Last year is when she took a three-race sponsorship package with N29 Capital Partners, LLC to Venturini Motorsports, a deeply rooted ARCA team that in recent years has helped develop such notable NASCAR drivers as Joey Logano, Erik Jones, Alex Bowman and Ryan Blaney. A three-race ARCA schedule quickly became four and then five and then seven and, recently, a full season for 2018.

"Originally, it was going to be three races, but literally the next day after we announced it on social media, everyone was so pumped about how much it blew up on my Facebook and Twitter and Instagram that we added Road America," Natalie says. "And then from there, it kept getting bigger and bigger."

Natalie did well enough on the track in her seven races -- the maximum allowable number to preserve her rookie status for 2018. She finished 11th in her debut at Toledo, Ohio, when she was still 19 years old, and got her first top-10 finish at high-speed Pocono Raceway. She scored a season-best seventh-place finish on the road course at Road America.

Billy Venturini, general manager of Venturini Motorsports, says he likes what he's seen thus far, pointing to Natalie's ability to improve over the course of a weekend, willingness to learn and penchant for keeping her car out of trouble. Natalie says she learned that latter quality out of necessity while driving super late models, when she had only one car for the season and would race on Thursday, Friday and Saturday nights.

"She's always been good on equipment, because when we had our own equipment, we had to take care of it," Chuck says. "Don't get me wrong, she has destroyed some cars. But more often than not, she would bring the car home clean."

Having worked with many of the best young stock car drivers in the country over the past 10 years, Venturini is well qualified to say whether Natalie has the talent to make it to NASCAR's Cup Series. But he's quick to say that he can't.

"When you look at somebody at 18 or 20 years old, you can give them a grade or a number [rating], but the one thing that's always tricky is projecting where they're going to end up," he says. "I've worked with drivers at 17, 18, 19 and they're good, but they don't project as Sunday stars. Yet, they keep progressing to where, when they're 24 or 25, they're Cup-ready.

I race cars, so I know how fast things can happen. And I feel so much safer racing cars at 200 mph than I do driving on the street.
Natalie Decker, spokesperson for People Against Distracted Driving

"And then I've worked with other drivers at 16 or 17, and they are lights-outs amazing, but they kind of flat-line. Natalie is at the crossroad where, if she continues to improve, she's got a shot to one day race on Saturdays and Sundays -- that being in the Cup, Xfinity and Truck levels. But if she flat-lines, then honestly, she will not be able to race at that level."

Natalie seems to get it. She is pursuing her racing dream from all angles. She knows sponsorship is the lifeblood of racing, so she's seeking additional backing for the 2018 season. She knows that marketing and self-promotion are important, so she has taken on the role of national spokesperson for People Against Distracted Driving, using her racing platform and celebrity to raise awareness and educate fans of all ages on the dangers of distracted driving.

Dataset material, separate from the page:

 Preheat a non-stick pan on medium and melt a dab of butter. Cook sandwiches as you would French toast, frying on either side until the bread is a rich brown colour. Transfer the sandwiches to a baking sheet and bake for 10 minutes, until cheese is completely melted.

It's a cause she's passionate about.

"I race cars, so I know how fast things can happen," she says. "And I feel so much safer racing cars at 200 mph than I do driving on the street."

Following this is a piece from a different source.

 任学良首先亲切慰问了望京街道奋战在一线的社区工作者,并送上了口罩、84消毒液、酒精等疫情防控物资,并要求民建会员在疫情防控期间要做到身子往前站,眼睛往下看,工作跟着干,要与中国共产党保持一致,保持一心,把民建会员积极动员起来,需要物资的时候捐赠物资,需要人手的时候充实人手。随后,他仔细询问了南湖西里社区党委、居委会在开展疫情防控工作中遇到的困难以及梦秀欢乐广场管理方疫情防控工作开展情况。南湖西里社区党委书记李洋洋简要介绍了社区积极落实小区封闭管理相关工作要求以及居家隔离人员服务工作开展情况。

The ARCA Racing Series isn't NASCAR, but it's the next-closest thing and the ideal training ground. The series uses heavy Cup-like cars and radial tires like NASCAR. The schedule features several NASCAR tracks, including Daytona International Speedway for the season opener.

Yeah, Daytona.

"Ever since we made our announcement that we're going to run the full season next year, people have been asking me what my thoughts are about it," Natalie says. "And the first thing that always comes to mind is Daytona. I'm going to run Daytona! I can't wait."

It's a long way from the little dirt go-kart track in Wisconsin, on the outside of the fence looking in.